DATASET EXTRACT:
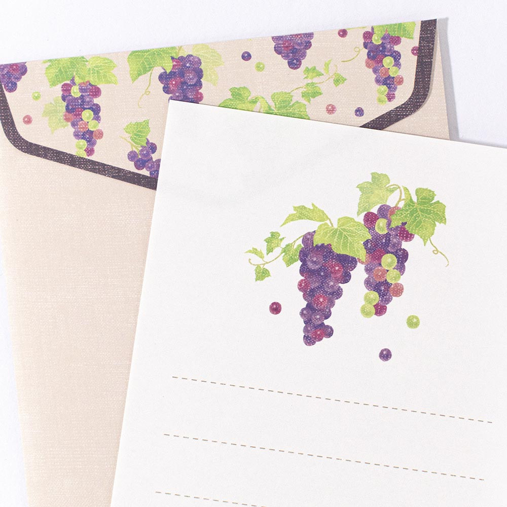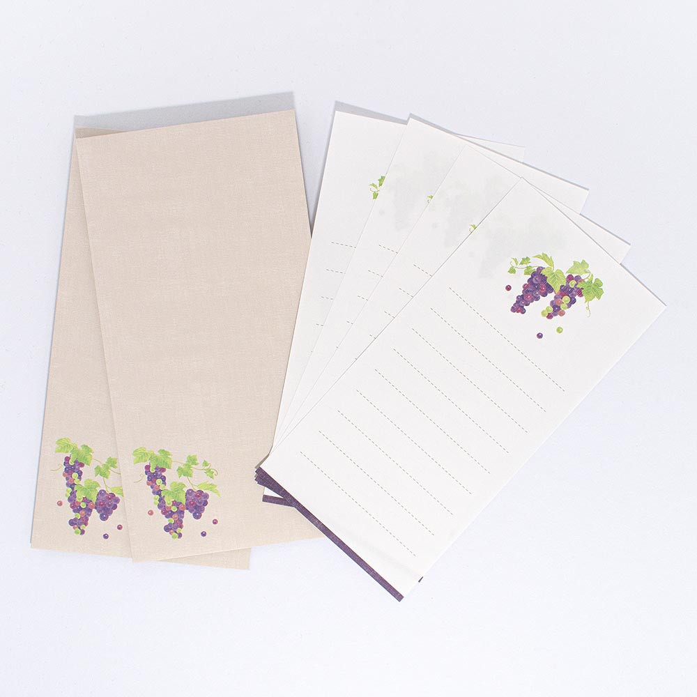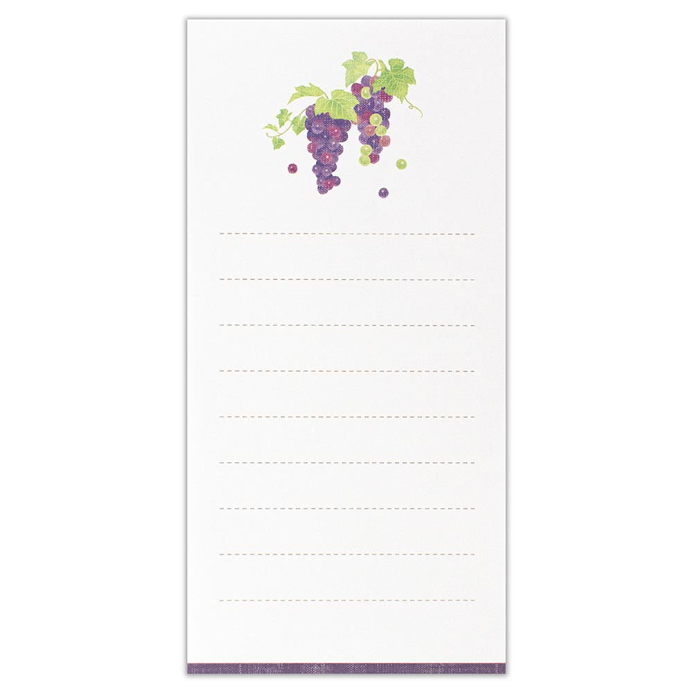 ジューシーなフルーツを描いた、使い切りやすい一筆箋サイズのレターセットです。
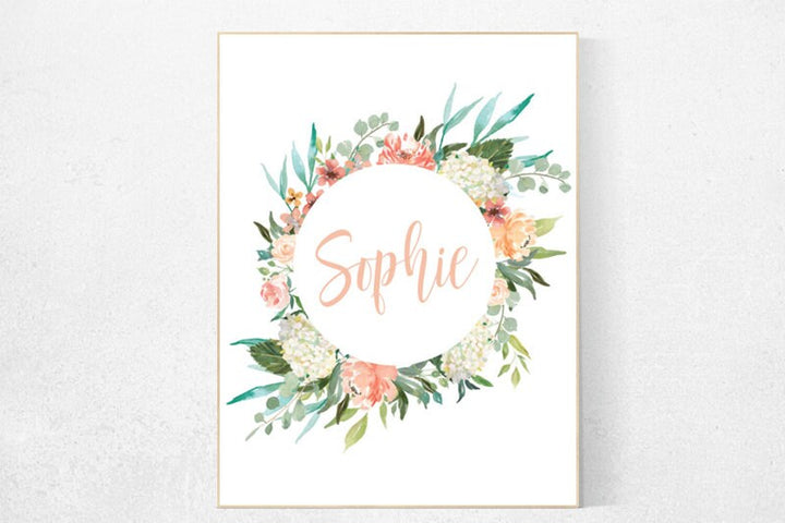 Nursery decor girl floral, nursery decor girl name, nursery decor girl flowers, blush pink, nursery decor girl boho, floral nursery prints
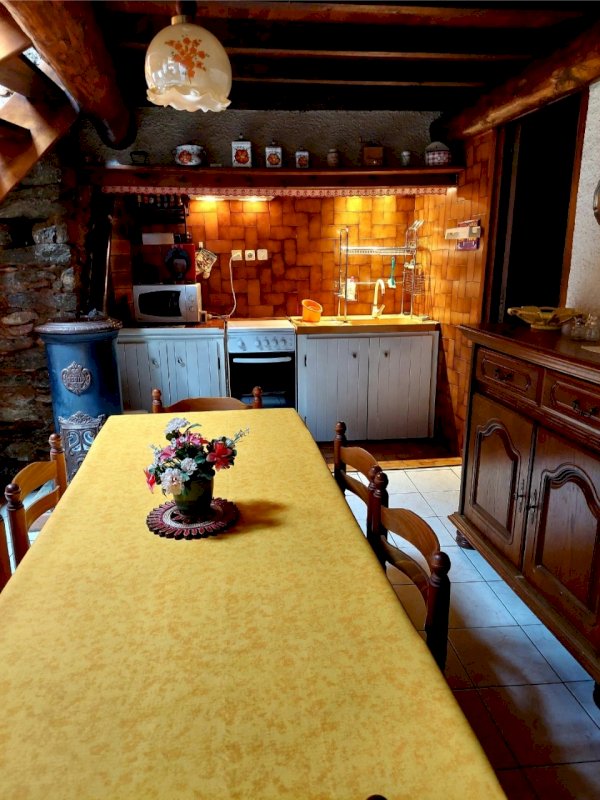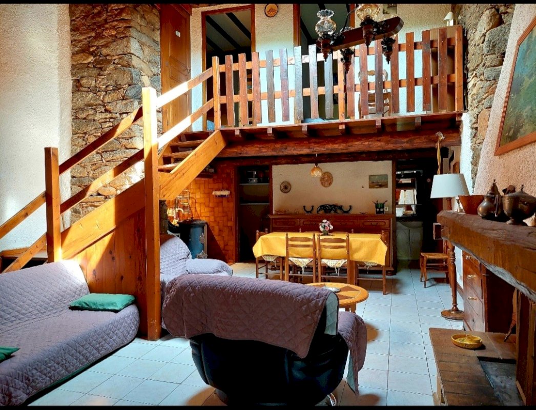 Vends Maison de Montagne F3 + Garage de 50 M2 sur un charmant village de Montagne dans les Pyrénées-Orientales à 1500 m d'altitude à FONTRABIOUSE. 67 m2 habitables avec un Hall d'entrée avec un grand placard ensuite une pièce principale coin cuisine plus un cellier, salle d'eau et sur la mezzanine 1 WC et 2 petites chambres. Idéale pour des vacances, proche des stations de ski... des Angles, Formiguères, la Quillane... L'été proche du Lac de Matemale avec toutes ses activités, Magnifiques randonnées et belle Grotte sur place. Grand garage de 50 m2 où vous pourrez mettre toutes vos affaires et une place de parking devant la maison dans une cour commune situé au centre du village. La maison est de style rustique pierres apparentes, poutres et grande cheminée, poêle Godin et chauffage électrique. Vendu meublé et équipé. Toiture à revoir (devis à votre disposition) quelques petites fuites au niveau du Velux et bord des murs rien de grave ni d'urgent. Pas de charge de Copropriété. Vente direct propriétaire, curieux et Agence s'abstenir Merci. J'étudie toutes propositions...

---

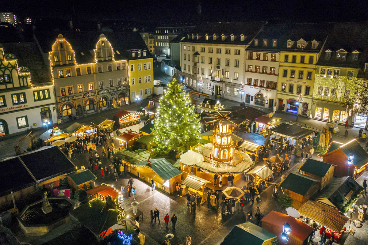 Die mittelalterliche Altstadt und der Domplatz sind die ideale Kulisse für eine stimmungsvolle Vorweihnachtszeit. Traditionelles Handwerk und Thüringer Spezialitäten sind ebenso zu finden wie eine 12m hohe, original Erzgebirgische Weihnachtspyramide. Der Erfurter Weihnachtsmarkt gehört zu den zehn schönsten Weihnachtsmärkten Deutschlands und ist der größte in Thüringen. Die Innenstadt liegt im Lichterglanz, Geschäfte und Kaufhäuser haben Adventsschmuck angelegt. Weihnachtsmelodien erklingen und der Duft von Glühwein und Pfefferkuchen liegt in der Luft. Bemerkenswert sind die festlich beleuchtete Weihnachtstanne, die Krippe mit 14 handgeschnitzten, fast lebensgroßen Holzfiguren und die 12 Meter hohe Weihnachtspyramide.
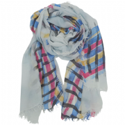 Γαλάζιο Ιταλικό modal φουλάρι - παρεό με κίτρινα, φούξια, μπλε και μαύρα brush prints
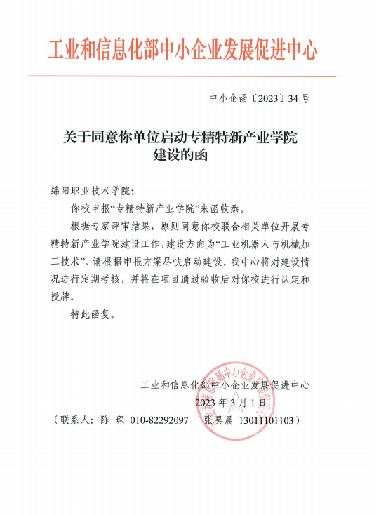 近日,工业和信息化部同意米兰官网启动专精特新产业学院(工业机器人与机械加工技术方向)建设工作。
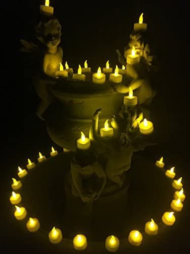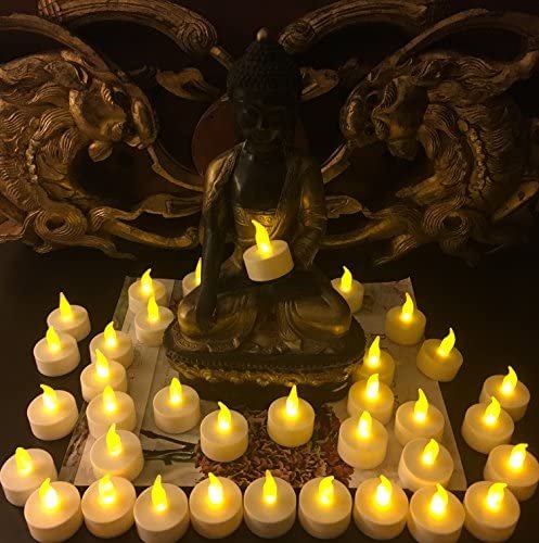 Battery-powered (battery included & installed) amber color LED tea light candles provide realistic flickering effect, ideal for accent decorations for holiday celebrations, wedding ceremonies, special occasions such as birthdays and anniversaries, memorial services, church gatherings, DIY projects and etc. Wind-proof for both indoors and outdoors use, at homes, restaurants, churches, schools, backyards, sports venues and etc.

TO DO: Within the entries above, the lines from the one containing "ジューシーなフルーツを描いた、使い切りやすい一筆箋サイズのレターセットです。" through the one containing "Nursery decor girl floral, nursery" are to be transcribed exactly, ends included, pictures excluded.

PROBLEM SOLUTION:
 ジューシーなフルーツを描いた、使い切りやすい一筆箋サイズのレターセットです。
 Nursery decor girl floral, nursery decor girl name, nursery decor girl flowers, blush pink, nursery decor girl boho, floral nursery prints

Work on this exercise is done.